→ About this exercise:
The listing below holds pictures; exclude them. Return exactly the lines from the one with "марте прошлого года" through the one with "山西太鋼申請一種移動式壓力容器用寬幅304不銹鋼冷板制備方法專利".

→ Input:

============

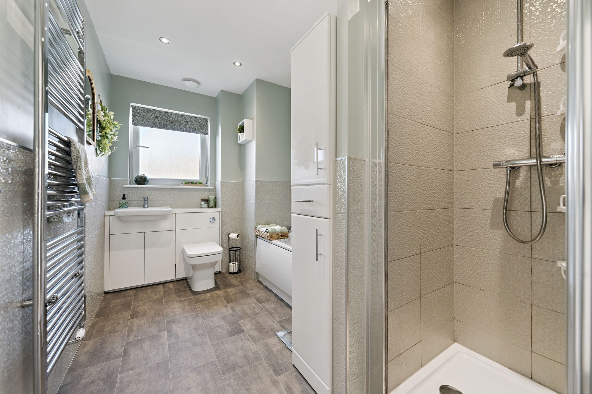 The upper level of the property has a central landing providing access to five sizeable bedrooms with the principal room and bedroom two benefitting from ensuite shower rooms. The family bathroom comprises of a four piece suite in white with stylish tiling.
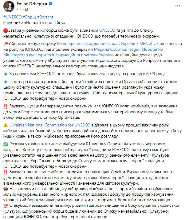 "В марте прошлого года министерство внесло на рассмотрение ЮНЕСКО номинационное досье по отношению к украинскому элементу "Культура приготовления украинского Борща" в репрезентативный список ЮНЕСКО нематериального культурного наследия человечества", – рассказывает Джапарова.
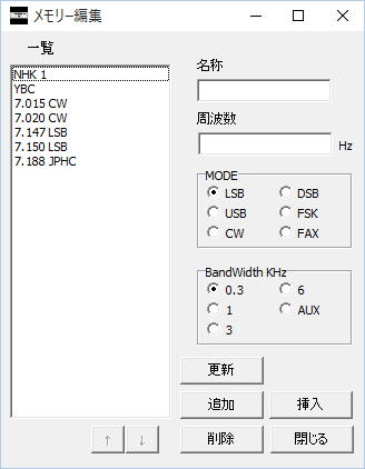 数字(9桁)+CR 周波数,モード,フィルタの設定 NNNNNNNFM 051107012 周波数=7011.5KHz/1KHz/CW
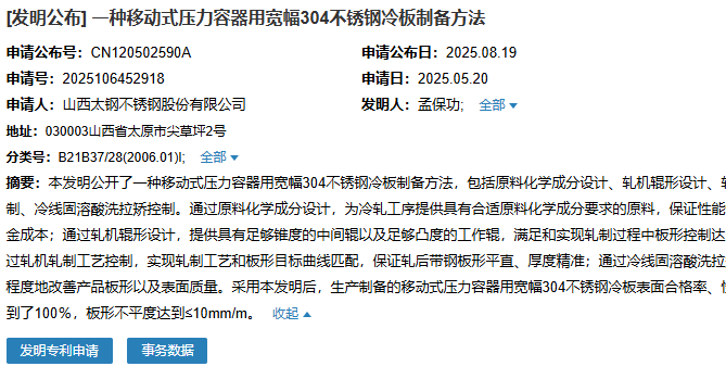 山西太鋼申請一種移動式壓力容器用寬幅304不銹鋼冷板制備方法專利
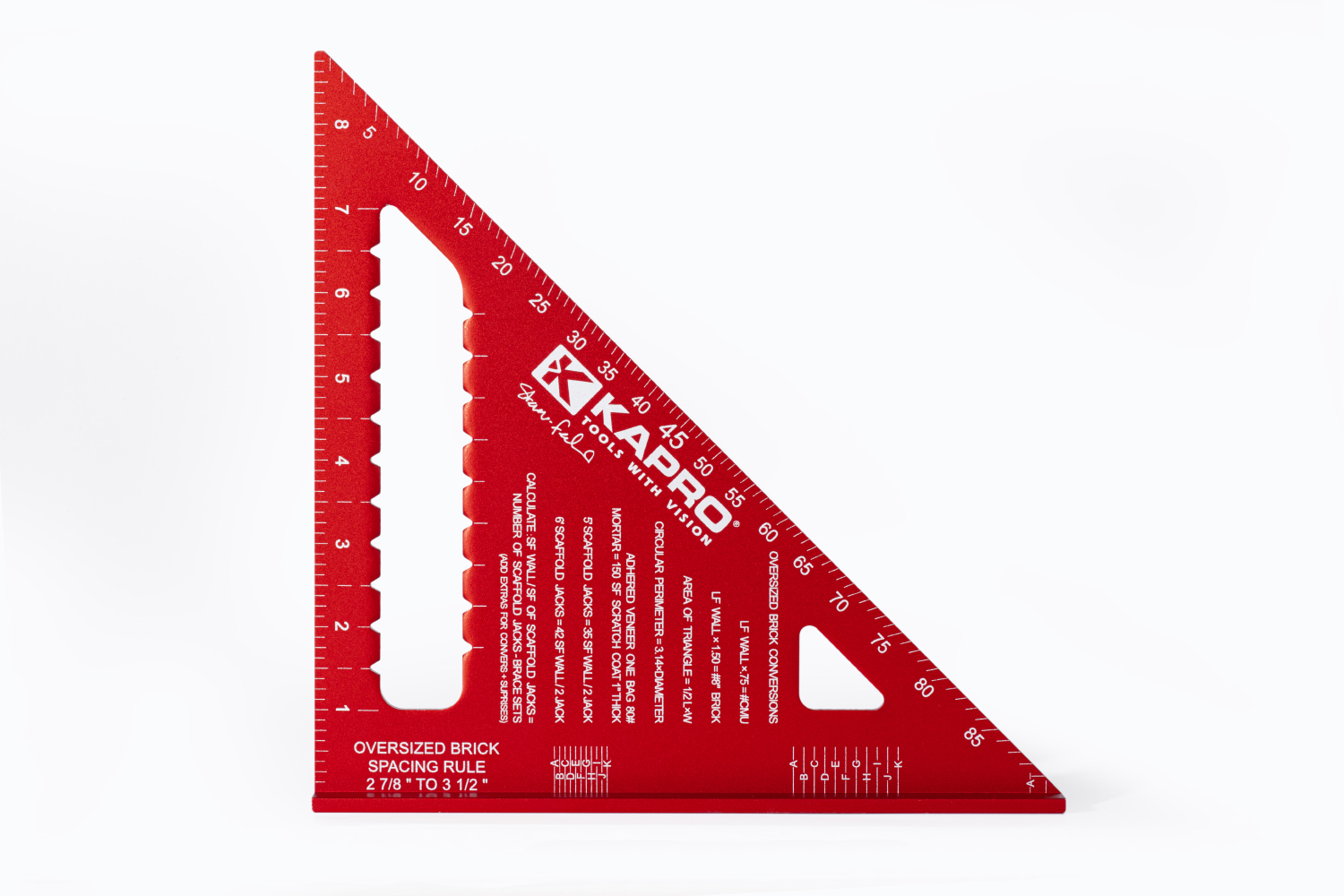 Fechino Files: Masonry Square Words: Steven FechinoI hope this article finds you finally cooled down from this hot summer. Everywhere I went felt hot and sticky, well, except for Bozeman, MT. When you are in Bozeman, everything is cool.I have been working as a laborer, sawman, brick washer, and bricklayer on my daughter’s home. I am about three full days from completion. We all know how good it feels to see the light at the end of the tunnel. Anyways, the north and south walls were finished and toothed. All I had to do was connect the two walls.Here is the thing: in 28 feet of wall, I had a four-foot difference in grade with a footing that was poured about as badly as one could be poured. (Not saying I poured it, but it sounds like something I would do.) Nothing was flat, and there were no steps. I spoke with Bryan Light and Alonzo Lewis (two of the world’s best craftsmen) to see if either of my mentors had a bit of wisdom they could share. Their answers were useful but unexpected.Bryan and I discussed laying uphill from the low part of the grade to the bottom toothed brick. I would use the first course of the lowest brick on the low toothed side and just lay level until the brick ran out of height. Alonzo instructed me to lay from the top down. He basically said to do the same thing, though I had a hard time making his method work with such a rough footing. I tried to lay both ways and found it was easier to stay on bond for me going uphill. As the course died into the slope, I had to set a pin so I could easily fill in the coursing from a lead I had built on the low side.I was slow, but once a few courses went in, I picked up speed and it went well. I will never brag about my skill as a bricklayer; I am a student of the trade. When I decided to set pins, I had to go into my shop and find a few. I ended up finding pins from companies that were in business in the '80s. Lonestar was one of the more popular companies whose pins I found. Pins were hard to come by for many years. It is good to see a few companies handing them out again. We all know pins and twigs only hit you in one of three places when they fly off the wall: eyes, knuckles, and, um, well, I should have quit typing a second ago.The Masonry SquareWhen I was talking to the folks at MASONRY Magazine, a question about an article I wrote last year came up, and it was approved that I provide more detail about a tool I discussed. The tool in question was the Masonry Square made by Kapro Tools and retailed by Bon Tool. The Masonry Square is the only tri-square designed for both residential and commercial masons in one tool. The square will still fit in the toolbox or tool bag as it is larger than a framing square at nine inches.The tool was designed for uncomfortable layout situations where you may need to get down into a hole or between two large objects. It will simplify the coursing coming out of the ground because it is made from anodized aluminum and will not flex like a stick rule and frustrate you. The square has many other features, such as a rigid pencil guide on ¼-inch increments to mark blocks and other pieces of material before going to the saw table.The sides of the square have portions of the modular spacing rule, oversize spacing rule, and the spacing rule on three different sides of the square to simplify layout when you may only have one of the rules handy that you need for layout.Another benefit of this tool is that it has material and equipment conversions for both residential and commercial work based on old-school methods for modular and oversized brick. The conversions are close and work to calculate specific items needed to support a project. The square is set up where one side is based on commercial materials and the opposite side is based on residential materials.The Mason Square is really handy for an apprentice, a young foreman, or a journeyman as the conversions offer information for figuring scaffolding, layout of corners, mortar and sand amounts, and even wall ties and wall wire. They cover almost everything needed to calculate a small change order or assist with getting enough material to wrap up the week. The tool can be used to calculate cutting rakes, finding plumb, and turning radius for arch templates.The Mason Square will be part of the Mortar Net Solutions Masonry Apprentice Scholarship, and each student that receives a scholarship will have one in the bag and the opportunity to show it off in the field.Give Bon Tool a call and order one. You may not use it for everything, but after you get used to it, you may find you use it more than you thought you might. I did and I am glad I did.
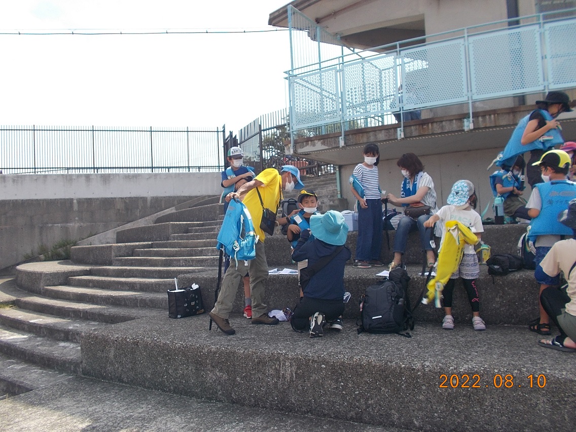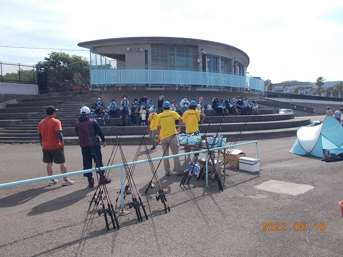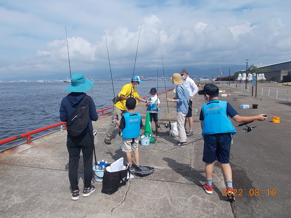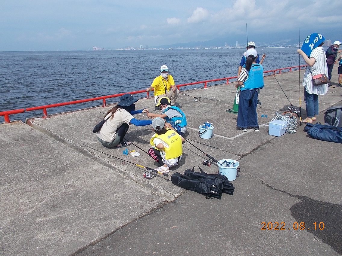 ライフジャケット着用の仕方と釣れたら危険な毒魚の説明、釣り場では竿に糸を通すことから教わり、リールや仕掛けの仕組み、サビキ釣りの方法を学びました。
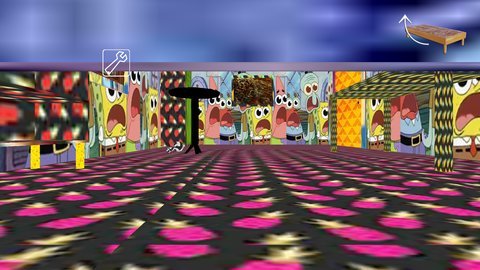 1、玩家被锁在一个阴森恐怖的房间里,需要寻找线索和道具,躲避邪恶的海绵奶奶,最终逃脱密室。
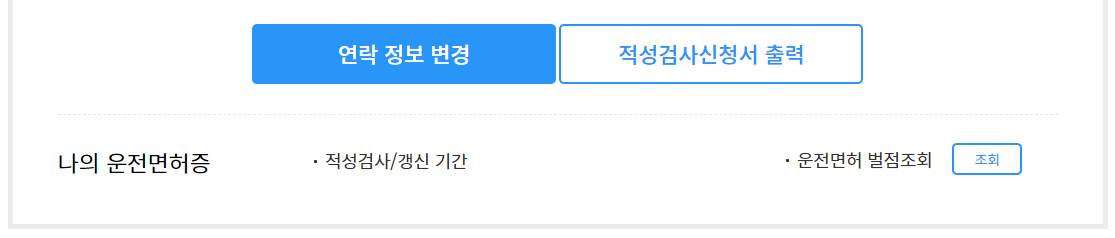 인증을 하시고나면 운전면허증 사진, 적성검사 갱신기간 등을 확인하실 수 있고 오른쪽 아래를 보시면 운전면허 벌점조회가 있습니다.
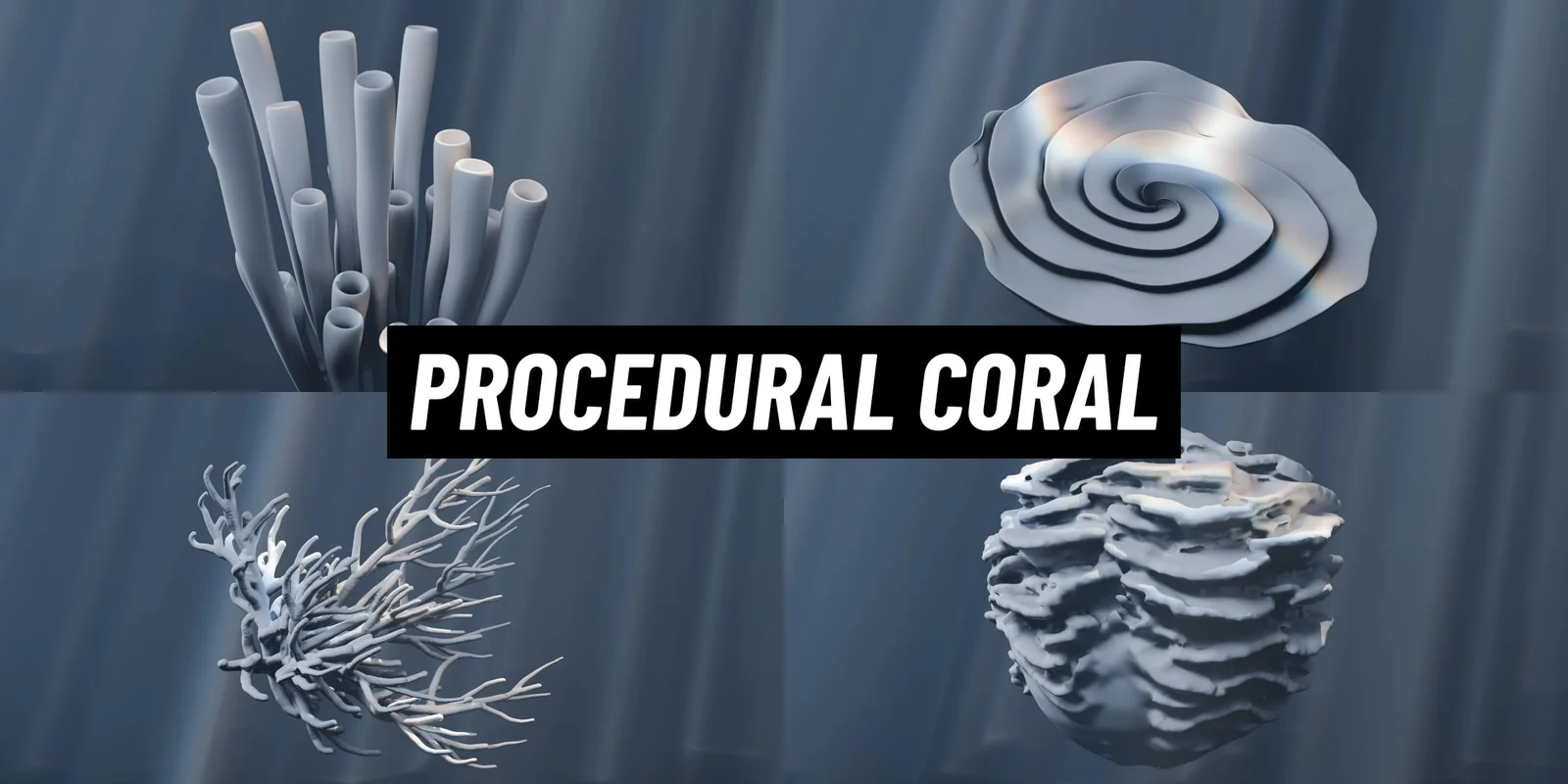 Procedural Coral is an asset library containing a collection of Geometry Nodes systems designed to generate coral and various underwater structures. The generators are customizable via the modifier stack or node tree inputs, allowing users to create unique variations. Several of the setups also include built-in animation support.

============

→ Result:
 "В марте прошлого года министерство внесло на рассмотрение ЮНЕСКО номинационное досье по отношению к украинскому элементу "Культура приготовления украинского Борща" в репрезентативный список ЮНЕСКО нематериального культурного наследия человечества", – рассказывает Джапарова.
 数字(9桁)+CR 周波数,モード,フィルタの設定 NNNNNNNFM 051107012 周波数=7011.5KHz/1KHz/CW
 山西太鋼申請一種移動式壓力容器用寬幅304不銹鋼冷板制備方法專利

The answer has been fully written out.